I don't know how to debug this. What's the reverse proxy setup for the demo.jellyfin.org site? That one works on all TVs, it is possible to achieve the same setup with Caddy? Or the Android TV APK has some certificates baked in to allow the demo site to work properly?
Any help is appreciated. Thanks!

[TheDreadPirate]

I'm wondering if your clients don't trust the one of the CAs from Let's Encrypt. The intermediate CA in my cert is has a validity date starting earlier this year. If your Android TV clients haven't received any OS updates in a while they may not have that CA in their trust store. And this would require that your proxy offers the full chain.

Code:

Validity
            Not Before: Mar 13 00:00:00 2024 GMT
            Not After : Mar 12 23:59:59 2027 GMT
        Subject: C = US, O = Let's Encrypt, CN = E6

In Nginx (my proxy) it is possible to offer both the chain.pem and the fullchain.pem. Other users with this issue with their ATV clients were able to resolve the problem by configuring their apache or nginx proxy to offer both chains.

What I'm reading seems to indicate that Caddy does not present the chain cert that includes the root, which is also the case for Nginx and Apache, by default. But I'm having trouble finding documentation for configuring Caddy to offer the fullchain.

[raulx222]

I'm wondering if your clients don't trust the one of the CAs from Let's Encrypt.  The intermediate CA in my cert is has a validity date starting earlier this year.  If your Android TV clients haven't received any OS updates in a while they may not have that CA in their trust store.  And this would require that your proxy offers the full chain.

Code:

        Validity
            Not Before: Mar 13 00:00:00 2024 GMT
            Not After : Mar 12 23:59:59 2027 GMT
        Subject: C = US, O = Let's Encrypt, CN = E6

In Nginx (my proxy) it is possible to offer both the chain.pem and the fullchain.pem.  Other users with this issue with their ATV clients were able to resolve the problem by configuring their apache or nginx proxy to offer both chains.
What I'm reading seems to indicate that Caddy does not present the chain cert that includes the root, which is also the case for Nginx and Apache, by default.  But I'm having trouble finding documentation for configuring Caddy to offer the fullchain.

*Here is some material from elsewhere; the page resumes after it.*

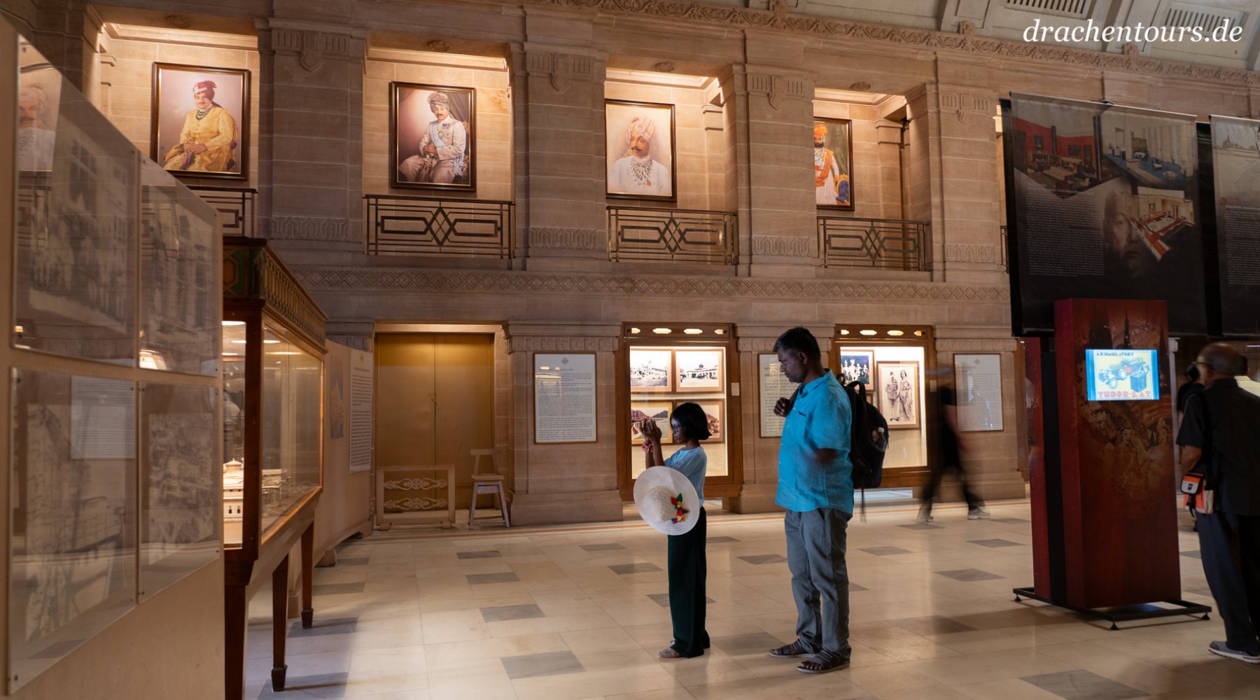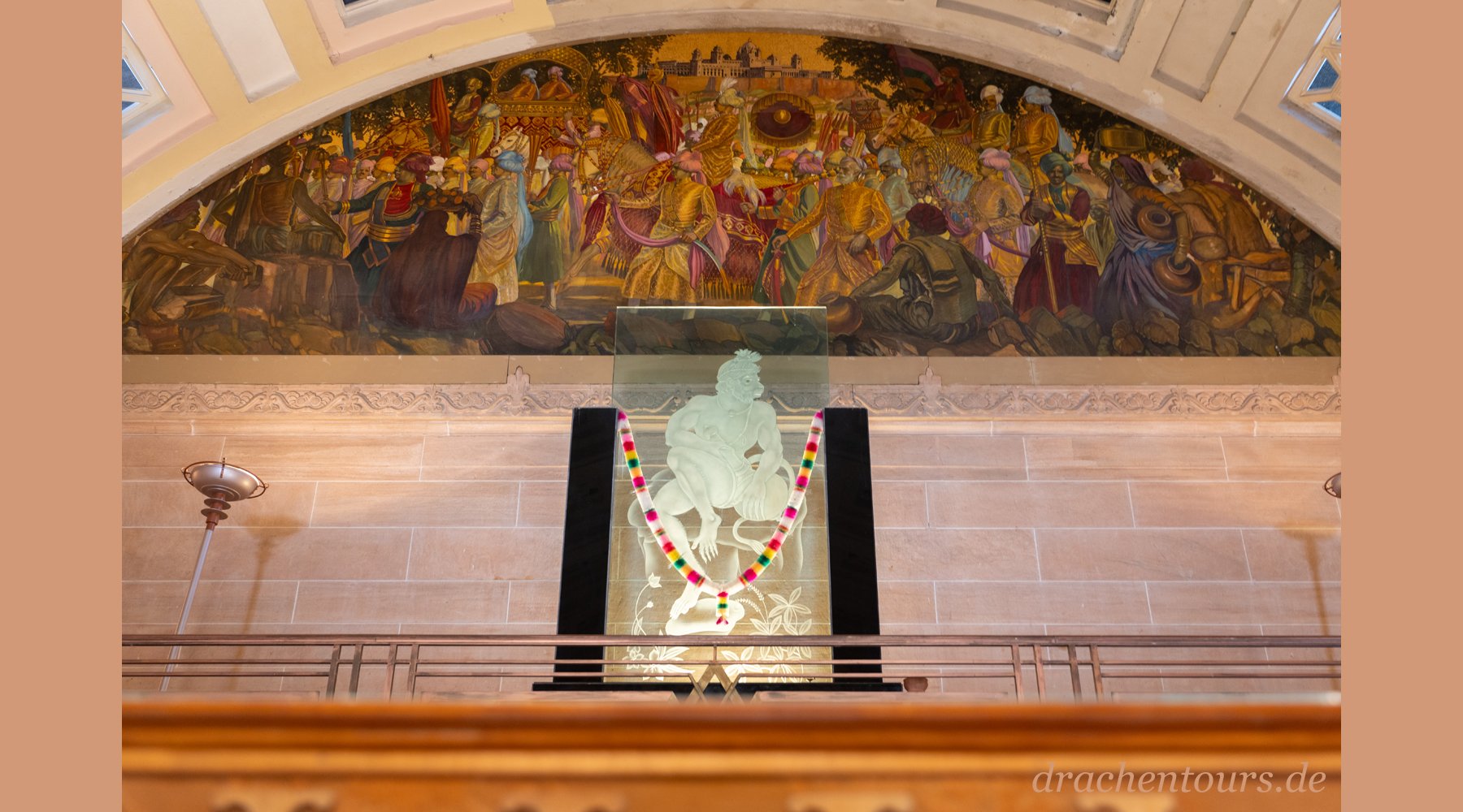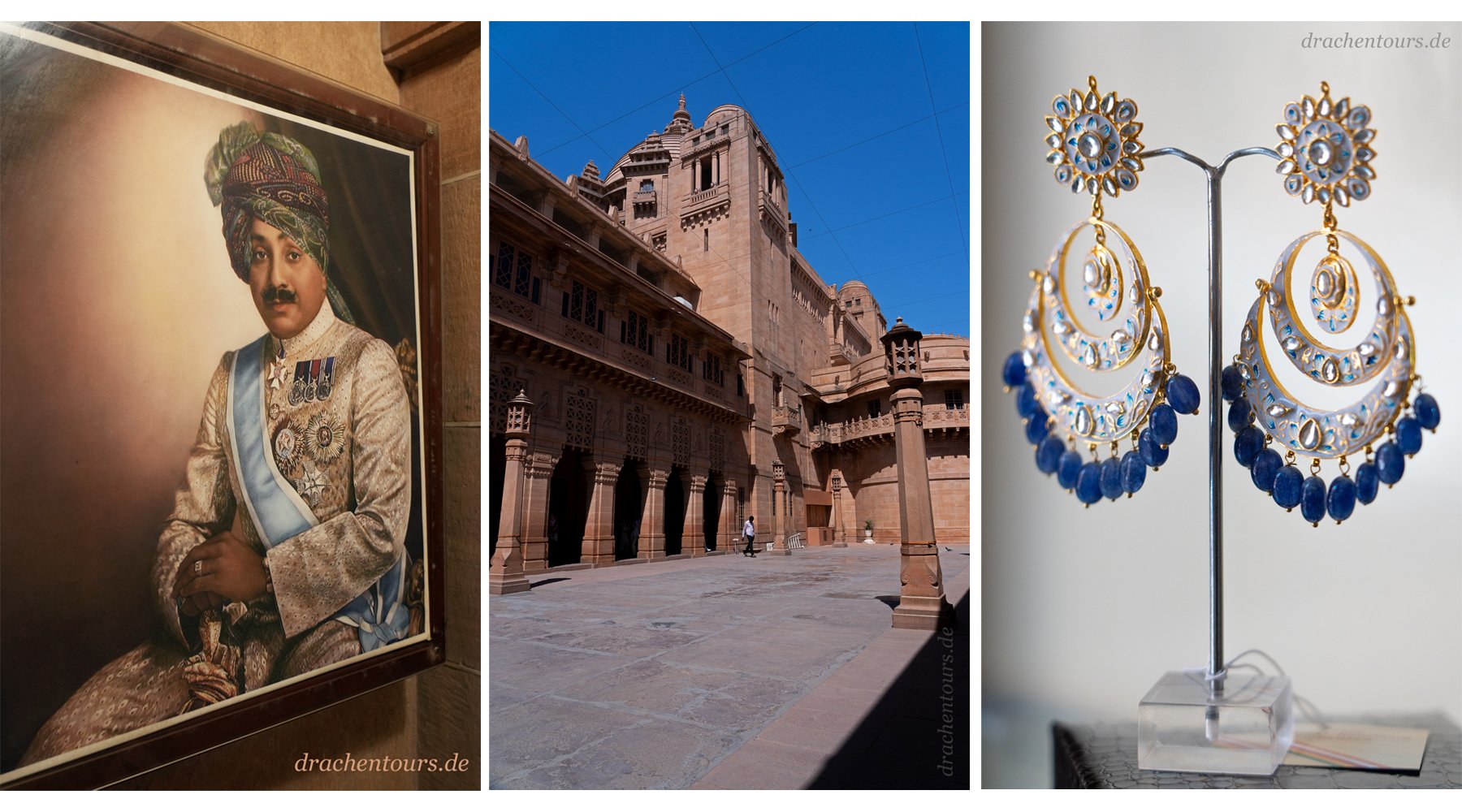 Als ich später das mittlere Begrüßungs-Foto (Foto 01 – Mitte) genauer betrachte, stelle ich bei der Recherche fest, dass selbst die indischen Herren-Turbane in ihrer Form und Art den gesellschaftlichen Stand wieder spiegeln. (Foto hinten links an der Wand: Prinz Manvendra Singh Gohil)

It is possible from Caddy to serve my own .pem file but the problem is that for now everything is done automatically, my caddy script is minimal, I don't know where to get from or how to prepare the .pem file myself.

Edit:
I was wondering why the demo.jellyfin.org/stable works on all ATVs that my server has problem with. And I inspected the SSL and the demo site also has only 2 certs (intermediate and leaf) and still work. Also the demo site has certificate from LetsEncrypt issued by ISRG Root X1 which is the same in my server. The only difference that i found is that the demo site has RSA certificate, I forced RSA on my server and still doesn't work (i checked with SSL inspector site and it confirms that is RSA).

I don't know what to do further... If you want I can PM you my server address so you can check if you see other differences between certificates on my server and the demo one.